The outbreak of World War II in 1942 temporarily halted the company's expansion. Operations resumed in 1945, with the company using surplus United States Navy trucks acquired through the United States Commercial Company. However, during the post-war period, the company faced intense competition and operational difficulties. In 1949, ownership of ALATCO was transferred to the heirs of Don Nicasio Tuazon in Manila, who infused new capital into the company and initiated a rehabilitation and expansion program that included the conversion of gasoline-powered engines to diesel engines.
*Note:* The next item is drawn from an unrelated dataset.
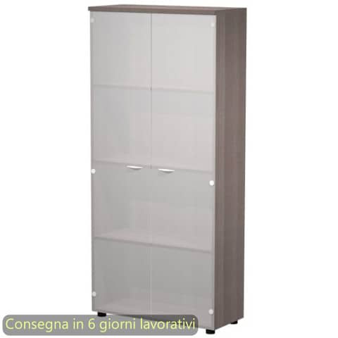Mobile alto della linea Presto, una linea operativa contemporanea progettata per un utilizzo quotidiano ed intensivo in grado di soddisfare tutte le esigenze funzionali ed estetiche. La gamma completa degli elementi permette di allestire ogni ambiente di lavoro, personalizzandolo con stile. Scrivanie con dimensioni conformi alle normative sulla sicurezza dei posti di lavoro in ufficio. Dimensioni L. 80 x P. 35 x H. 180 cm. Top sp. 22 mm. Struttura, ante e ripiani sp. 18 mm. Tre ripiani regolabili in altezza con un sistema di bloccaggio nella posizione desiderata. Ante in vetro satinato senza serratura. Il mobile, rifinito posteriormente nello stesso colore della struttura, può essere utilizzato come parete divisoria. Dotato di piedini regolabili in altezza per un perfetto livellamento sul pavimento. Imballi in cartone riciclato alto spessore a tutela dell?ambiente. Produzione certificata conforme alle procedure UNI EN ISO 9001. Certificazioni FSC e PEFC. Struttura frassino toscano.
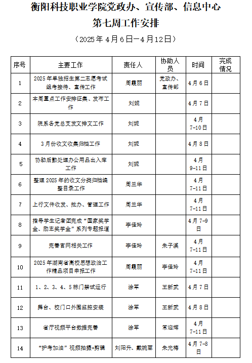 冰球突破试玩网站党政办、宣传部、信息中心 第七周工作安排

By 1952, ALATCO operated a fleet of approximately 400 units, with its main facilities being based in Irigas and subsidiary shops located across the provinces of Daet and Labo in Camarines Norte; Naga, Camarines Sur; Ligao, Tabaco, and Legaspi in Albay, and Sorsogon and Irosin in Sorsogon. The following year, the company expanded into Quezon province by consolidating several local bus operators under the Eastern Tayabas Bus Company (ETBCO), which later entered into a 5-year lease agreement with the Laguna Tayabas Bus Company.

===PSEI===
In 1971, ALATCO and ETBCO were sold to the Mantrade Group of the Lopa and Cojuangco families. The two companies' operations were then merged and reorganized as Pantranco South Express, Inc. (PSEI), distinct from Pantranco North Express, Inc. Due to rising fuel costs and global economic conditions in the early 1970s, PSEI was strapped in debt and was subject to a creditor takeover in 1973. This led to a corporate rehabilitation being implemented the following year, during which the company expanded inter-island operations through partnerships with passenger ferry operators serving Catanduanes, Samar, and Masbate.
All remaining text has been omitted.